SUPPLIED DATA >>
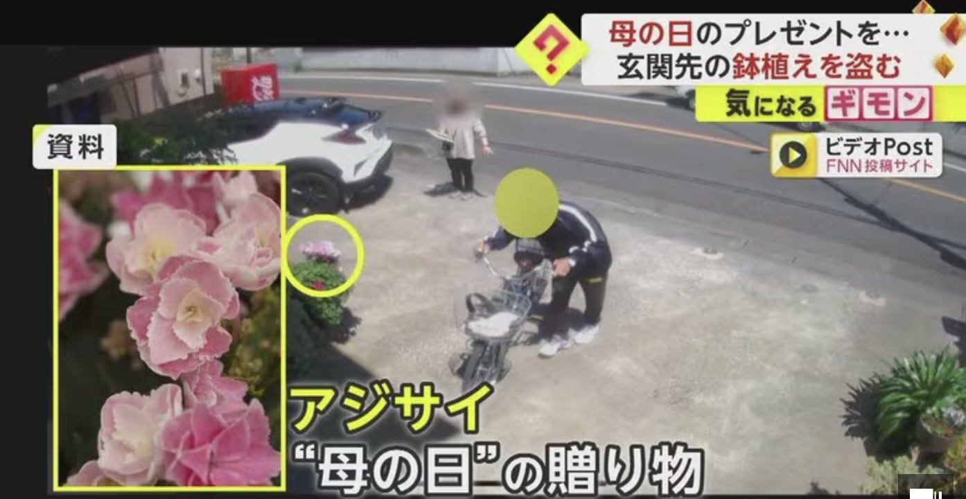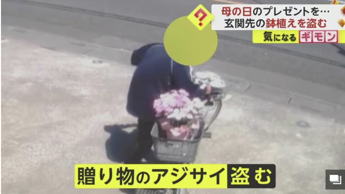 娘が母に贈ったアジサイを盗んで、自転車で走り去る高齢男性。泥棒の瞬間だ。
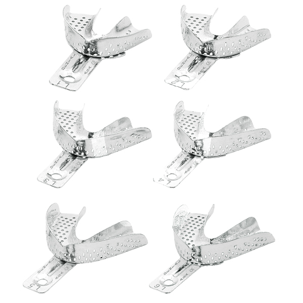 Perforated impression trays made of aluminium.The handle is located in the middle of the tray between the upper and lower lips, allowing the lips a natural position during impression taking. No retentive rims.
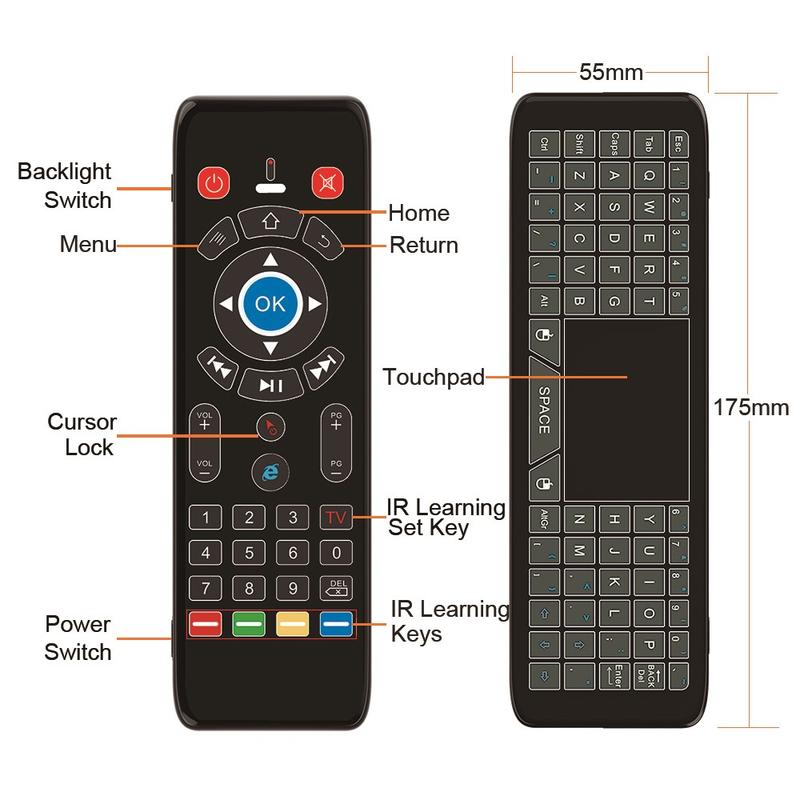 - Steuerungsfunktionen: Gyroskop-Luftmaus, Touchpad, QWERTZ-Tastatur, IR-Lernfunktion

ABOUT THIS TASK >>
Output, word for word, the full listing above, with no pictures.

EXERCISE RESPONSE >>
 娘が母に贈ったアジサイを盗んで、自転車で走り去る高齢男性。泥棒の瞬間だ。
 Perforated impression trays made of aluminium.The handle is located in the middle of the tray between the upper and lower lips, allowing the lips a natural position during impression taking. No retentive rims.
 - Steuerungsfunktionen: Gyroskop-Luftmaus, Touchpad, QWERTZ-Tastatur, IR-Lernfunktion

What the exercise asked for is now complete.